Start time: 2024-06-29 03:00:15.650348
End time: 2024-06-29 03:15:08.333050
Best parameters found:  {'learning_rate': 0.021174945340976328, 'max_depth': 9, 'max_features': 'log2', 'n_estimators': 454}
Best score (negative MSE):  -23.317623907773005


**(b).

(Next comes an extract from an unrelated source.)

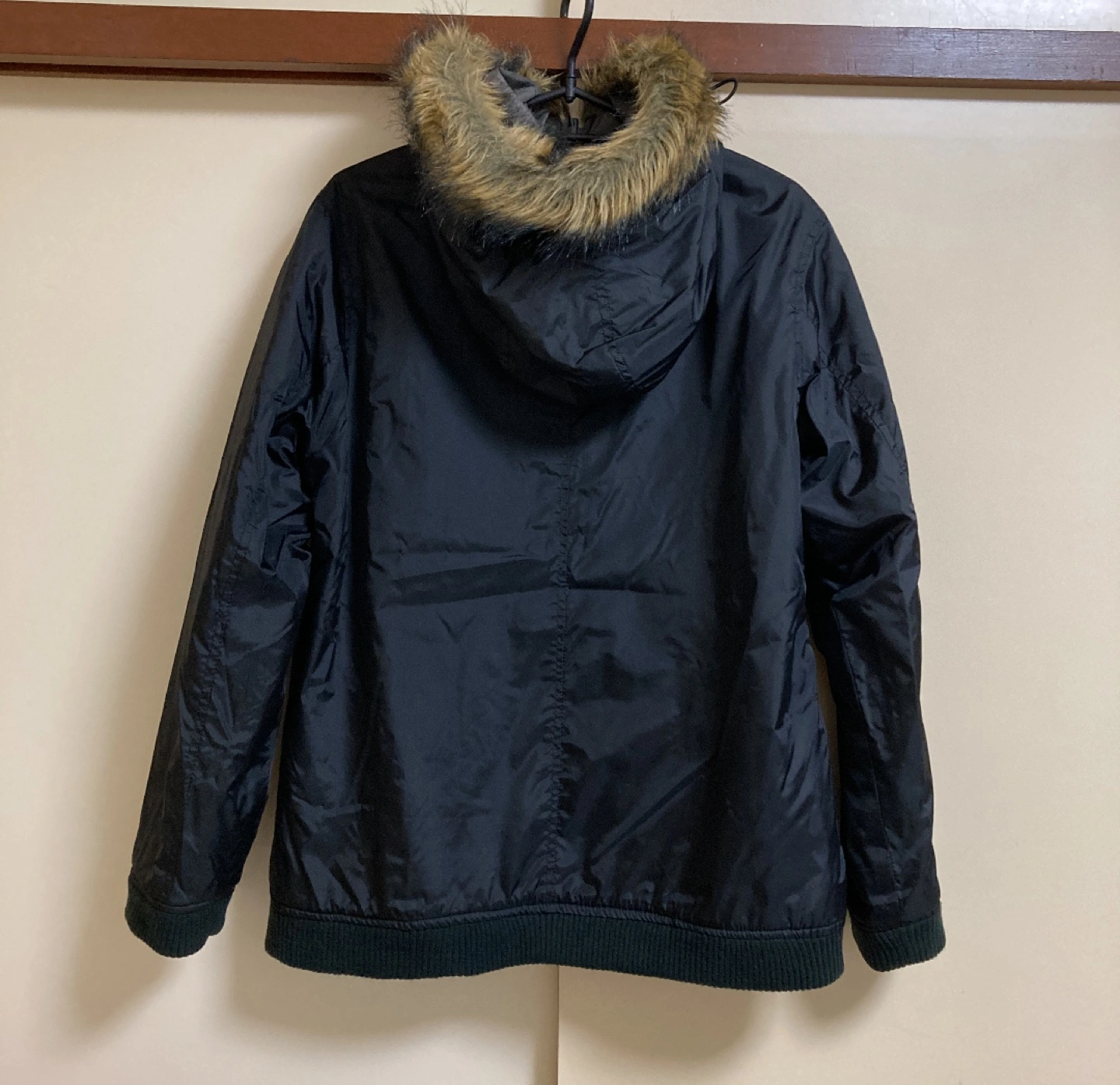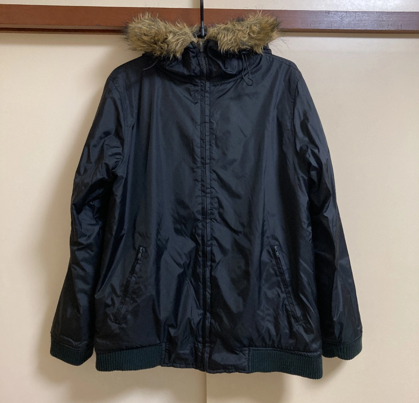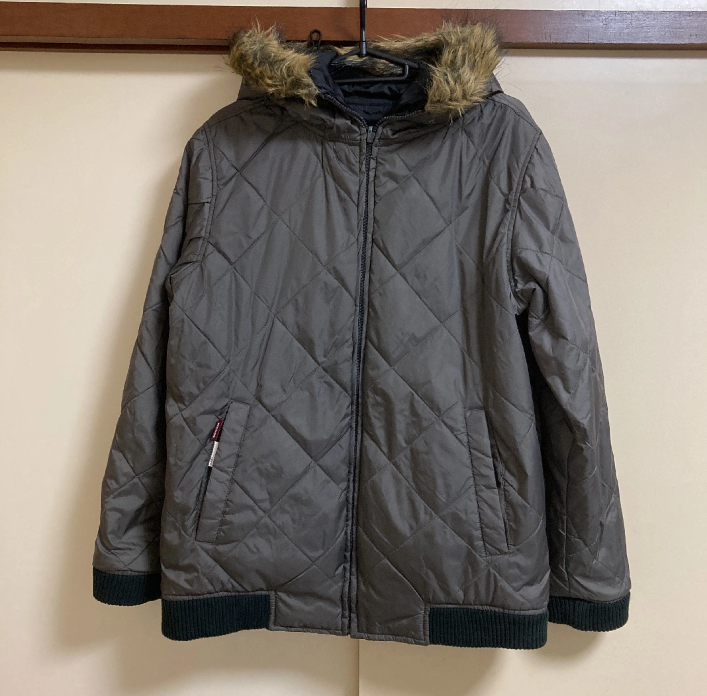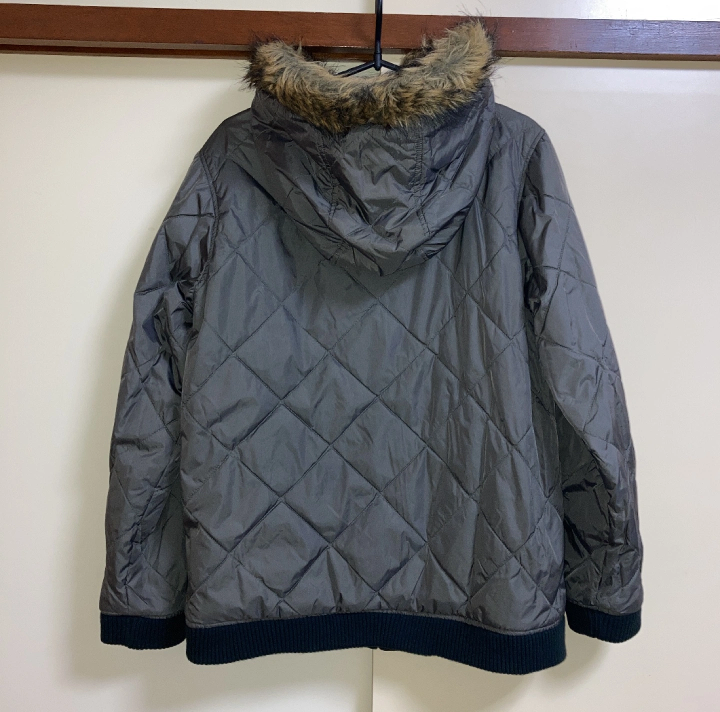 ブラックムジ×グレーのキルティングのリバーシブルナイロンコートです。 キルティングは9枚目に近い色味です。 フード部分調節可能(8枚目) 数回着用。 フェイクファーがボサボサしています。 ZIPの金具部分、色剥げあり(10枚目) 少し使用感あり。 ★表地 ナイロン 100% 裏地 ナイロン 100% 中綿 ポリエステル 100% ファー部分 アクリル 100% リブ部分 アクリル 100% ★フリーサイズ ★身幅 55 身丈 66 ※画像の商品は光の照射や角度、お使いのモニター環境により、実物と色味が異なる場合がございます

Tune the model**

In [16]:
#Fit the model with best parameters
optimal_params = random_search_gbr.best_params_
model_tuned = GradientBoostingRegressor(**optimal_params)
model_tuned.fit(X_train, y_train)

# Predictions on the test set
y_pred_tuned = model_tuned.predict(X_test)

# Calculate MSE
mse_t = mean_squared_error(y_test, y_pred_tuned)

# Calculate RMSE
rmse_t = np.sqrt(mse_t)

# Calculate R^2 score
r2_scored = r2_score(y_test, y_pred_tuned)
print("Test R-squared: ", r2_scored)

# Predictions on the test set
y_pred_tuned = model_tuned.predict(X_test)

# Calculate the log-likelihood
log_likelihood_t = -0.5 * np.sum(np.log(2 * np.pi * mse_t) + (y_test - y_pred_tuned) ** 2 / mse_t)

# Number of parameters
num_params_t = len(optimal_params)

# Calculate AIC and BIC
n_samples_t = len(y_test)
aic_t = -2 * log_likelihood_t + 2 * num_params_t
bic_t = -2 * log_likelihood_t + num_params_t * np.log(n_samples_t)

print(f"Test MSE: {mse_t}")
print(f"Test RMSE: {rmse_t}")
print(f"AIC: {aic_t}")
print(f"BIC: {bic_t}")


Test R-squared:  0.4702186807771006
Test MSE: 22.63293944529122
Test RMSE: 4.7574089003670075
AIC: 4535.535390952612
BIC: 4554.068664685734


In [24]:
!pip3 install texttable



In [28]:
import texttable

In [36]:
# Create a texttable object
tableO = texttable.Texttable()

# Add rows to the table
tableO.add_rows([
    ['Model', 'R-squared', 'MSE', 'RMSE', 'AIC', 'BIC'],
    ['Baseline', -2.53e-05, 47.72, 6.54, 5012.38, 5017],
    ['RFRGridSearchCV', 0.45, 23.62, 4.86, 4568.11, 4586.65],
    ['RFRRandomizedSearchCV', 0.45, 23.60, 4.86, 4567.29, 4585.81],
    ['GBRGridSearchCV', 0.45, 23.35, 4.83, 4559.38, 4577.92],
    ['GBRRandomizedSearchCV', 0.47, 22.63, 4.76, 4535.54, 4554.07]
])

# Print the table
print(tableO.draw())

+-----------------------+-----------+--------+-------+----------+----------+
|         Model         | R-squared |  MSE   | RMSE  |   AIC    |   BIC    |
| Baseline              | -0.000    | 47.720 | 6.540 | 5012.380 | 5017     |
+-----------------------+-----------+--------+-------+----------+----------+
| RFRGridSearchCV       | 0.450     | 23.620 | 4.860 | 4568.110 | 4586.650 |
+-----------------------+-----------+--------+-------+----------+----------+
| RFRRandomizedSearchCV | 0.450     | 23.600 | 4.860 | 4567.290 | 4585.810 |
+-----------------------+-----------+--------+-------+----------+----------+
| GBRGridSearchCV       | 0.450     | 23.350 | 4.830 | 4559.380 | 4577.920 |
+-----------------------+-----------+--------+-------+----------+----------+
| GBRRandomizedSearchCV | 0.470     | 22.630 | 4.760 | 4535.540 | 4554.070 |
+-----------------------+-----------+--------+-------+----------+----------+


## Model Comparison.

- **Baseline Model:** The R-squared is extremely low (-2.53e-05), indicating it does not explain the variance in the data well. Since it has the highest MSE, RMSE, AIC, and BIC, it shows it performs the worst.
- **Random Forest Regression, GridSearchCV and Random Forest Regression, RandomizedSearchCV:** These models have similar performance with identical R-squared and RMSE. However, Random Forest Regression, RandomizedSearchCV has slightly lower MSE, AIC, and BIC.
- **Gradient Boosting Regression, GridSearchCV** shows better performance than the previous two models and the baseline model. It has a higher R-squared, lower MSE, RMSE, AIC, and BIC.
- **Gradient Boosting Regression, RandomizedSearcgCV** is the best performing among all the models. It has the highest coefficient of determination and the lowest MSE, RMSE, AIC, and BIC.

## Conclusion.

Based on the provided evaluation metrics, **Gradient Boosting Regression, RandomizedSearcgCV** is the best model. It has the highest R-squared (0.47), indicating it explains the most variance in the data. It also has the lowest Mean Squared Error (22.63), Root Mean Squared Error (4.76), Akaike Information Criterion (4535.54), and Bayesian Information Criterion (4554.07), suggesting it performs best in terms of accuracy and model fit while considering model complexity.